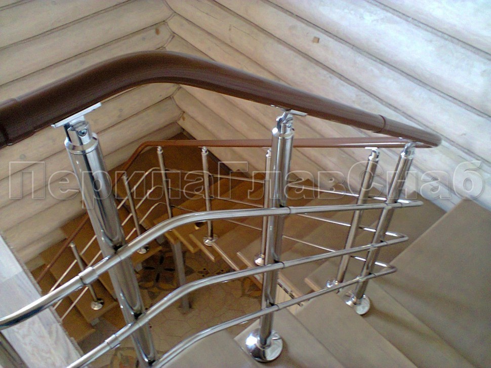 Нержавеющие ограждения без ригелей с круглым деревянным поручнем и стойками с деревянными вставками
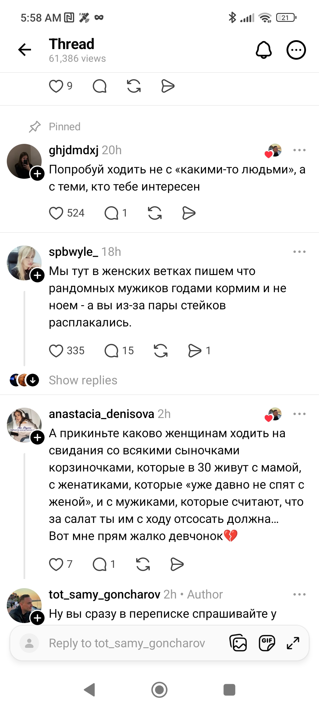 Где-то между 25 и 45 к бабе приходит осознание что теперь она не нужна окружающим если сама за себя платить не будет (к некоторым никогда не приходит). От этого у них всё пригорание. А мне, 39-ти летнему нескуфу, ровесницы не нужны. Молодые дешевле.
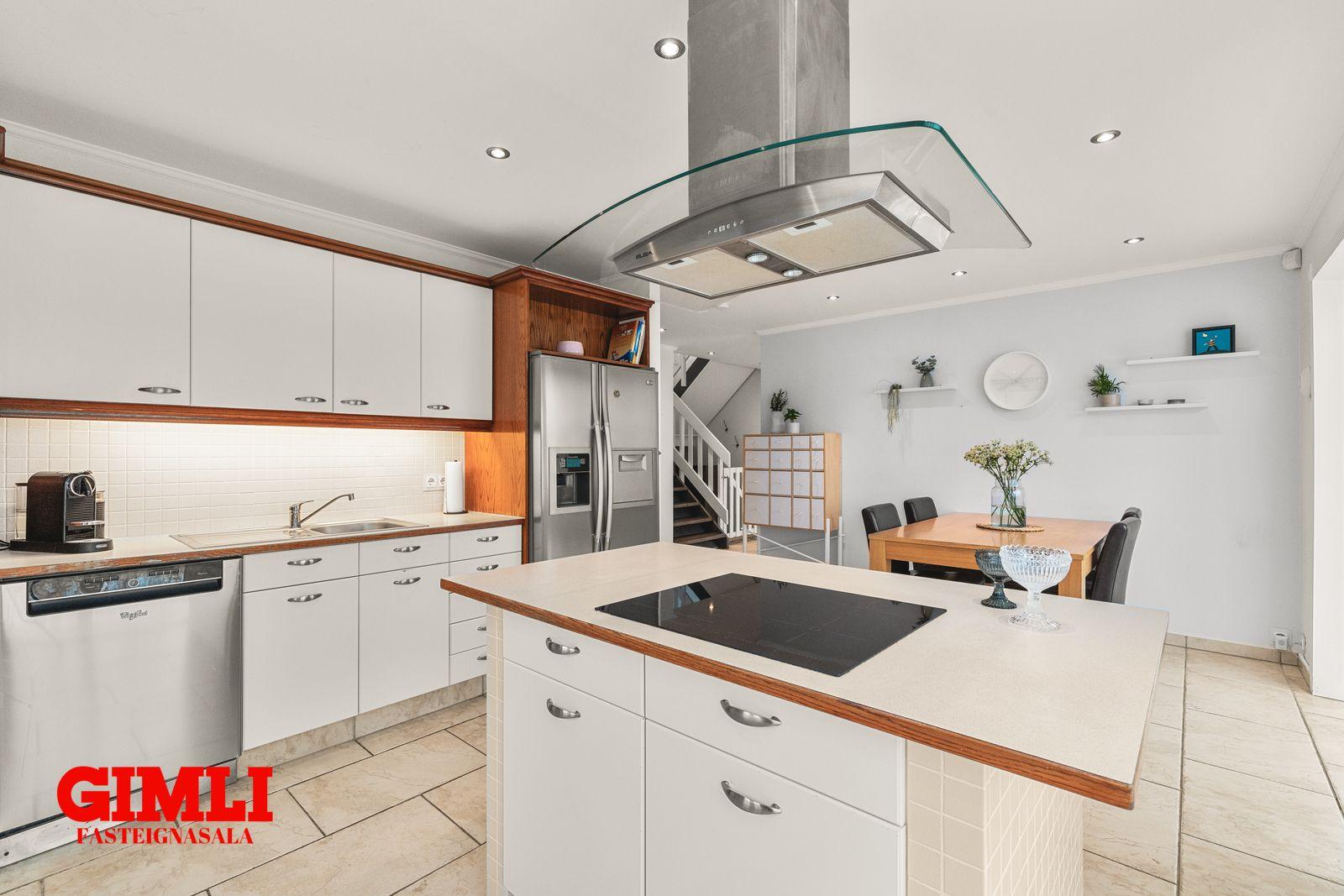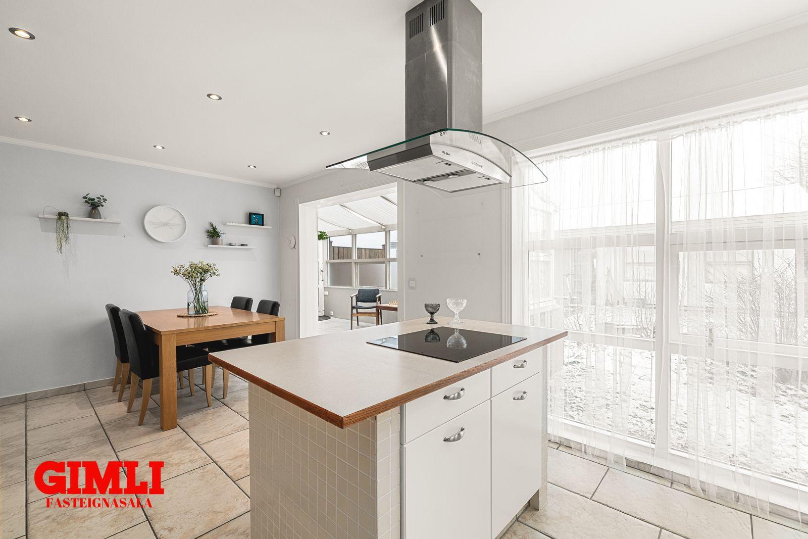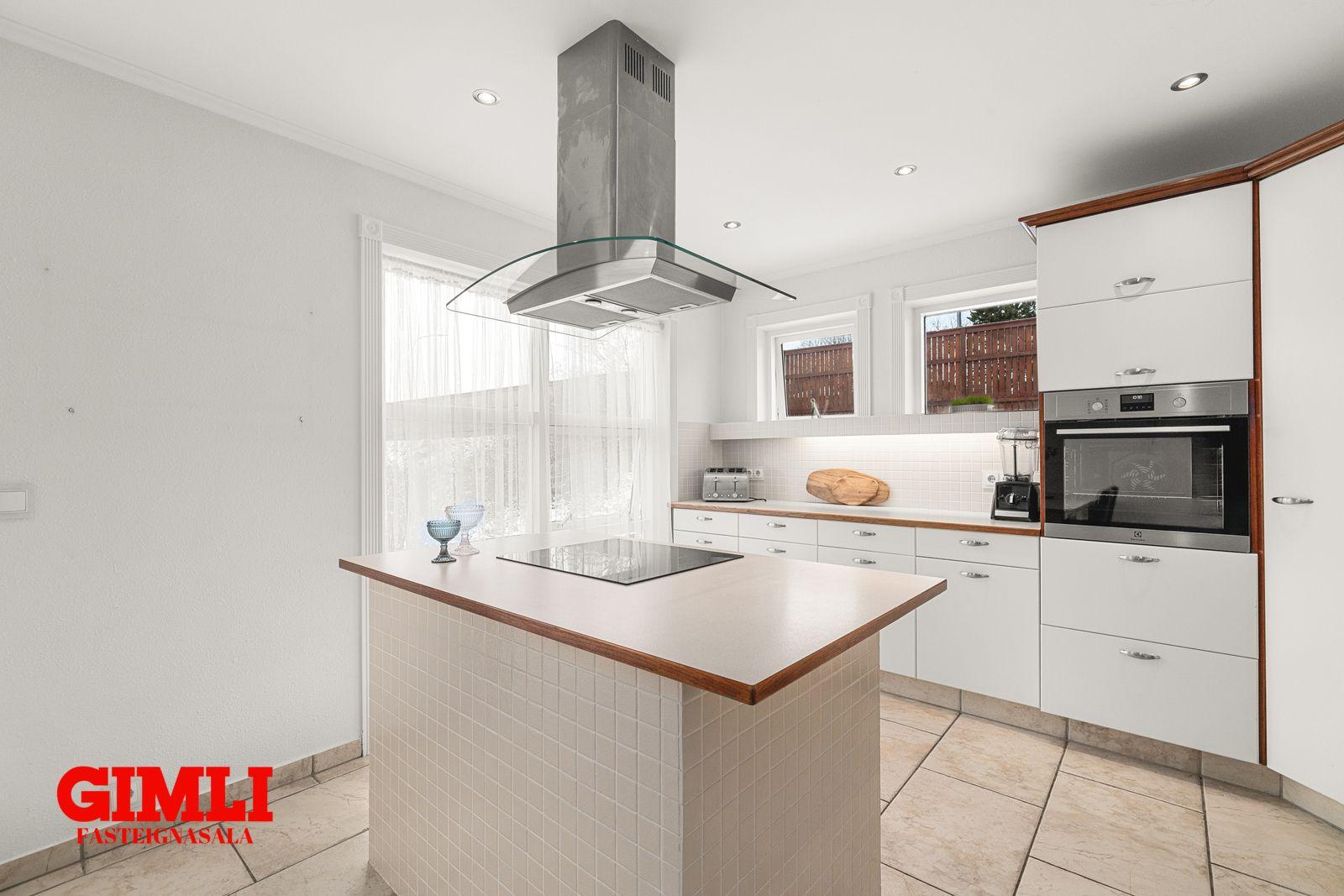 eldhús með góðu skápaplássi, eyju með helluborði, ofn í vinnuhæð, tengi fyrir uppþvottavél, borðkrók og flísum á gólfi. Úr eldhúsi er gengið inn í flísalagða
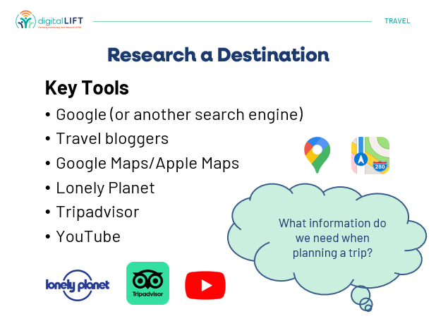 1) Researching a destination online 2) Making an itinerary 3) Buying tickets 4) Booking hotels 5) General advice
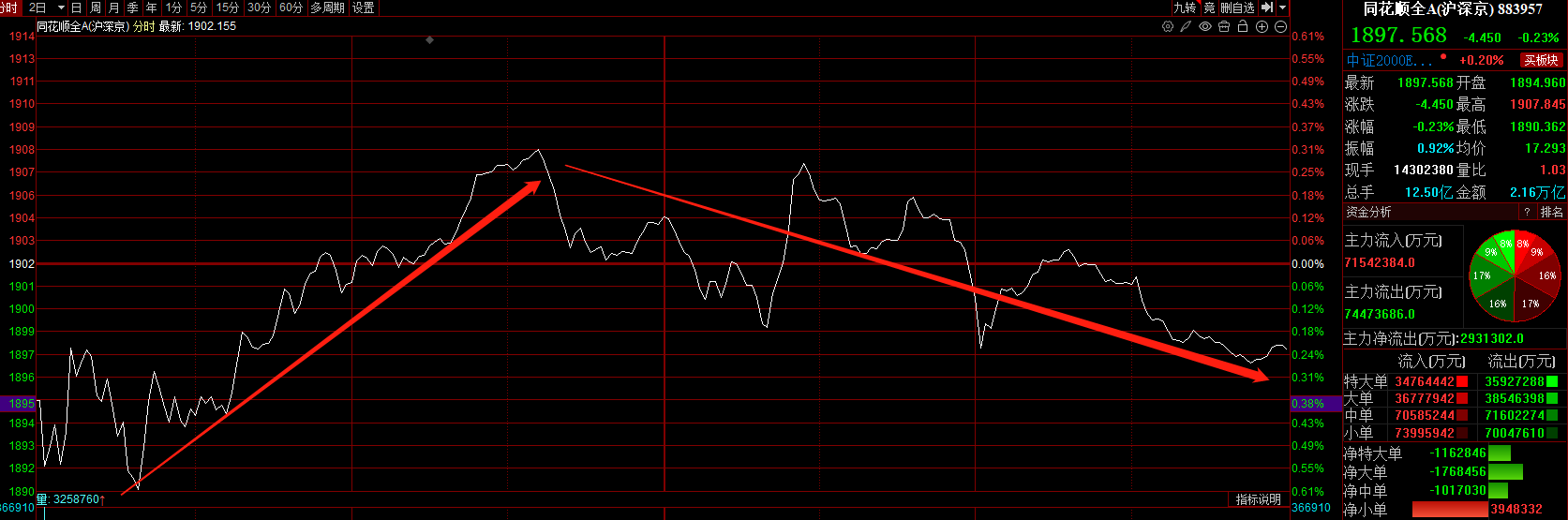 今天上午指数冲高的时候提醒大家,市场缩量别着急追涨。果然大多数股票下午就回落下来了。
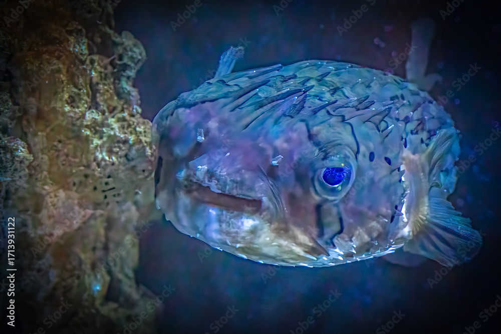 A Long-Spine Porcupinefish with Vibrant Blue Eyes Swimming in Dark Water
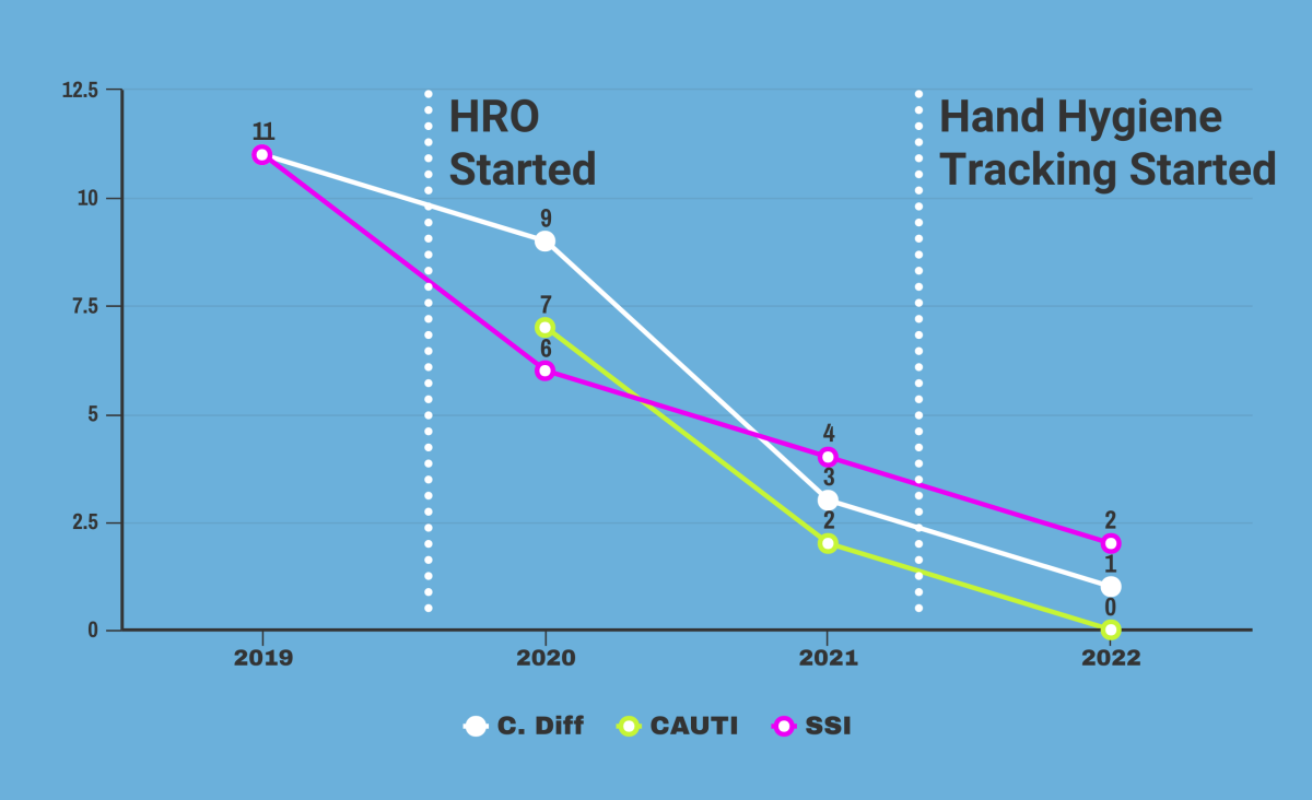 As another key quality initiative, NMC is measuring rates of hospital-acquired infections to keep these stats low as we focus on patient safety and high-quality care. Our attention to continuous improvement and High Reliability principles are helping hard-wire changes that are leading to declining rates.
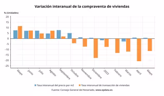 Por su parte, el precio del metro cuadrado subió un 0,8% interanual a nivel nacional el pasado mes de mayo. En 15 comunidades aumentaron los precios y en dos descendieron, principalmente en Navarra (-15,4%), Galicia (-6,7%) y País Vasco (-4,4%).

####

Instructions to follow: Every line from the top of the entries through the line that holds "Где-то между 25" is to be quoted exactly, please, and nothing else; omit the pictures.

Exercise answer:
 Нержавеющие ограждения без ригелей с круглым деревянным поручнем и стойками с деревянными вставками
 Где-то между 25 и 45 к бабе приходит осознание что теперь она не нужна окружающим если сама за себя платить не будет (к некоторым никогда не приходит). От этого у них всё пригорание. А мне, 39-ти летнему нескуфу, ровесницы не нужны. Молодые дешевле.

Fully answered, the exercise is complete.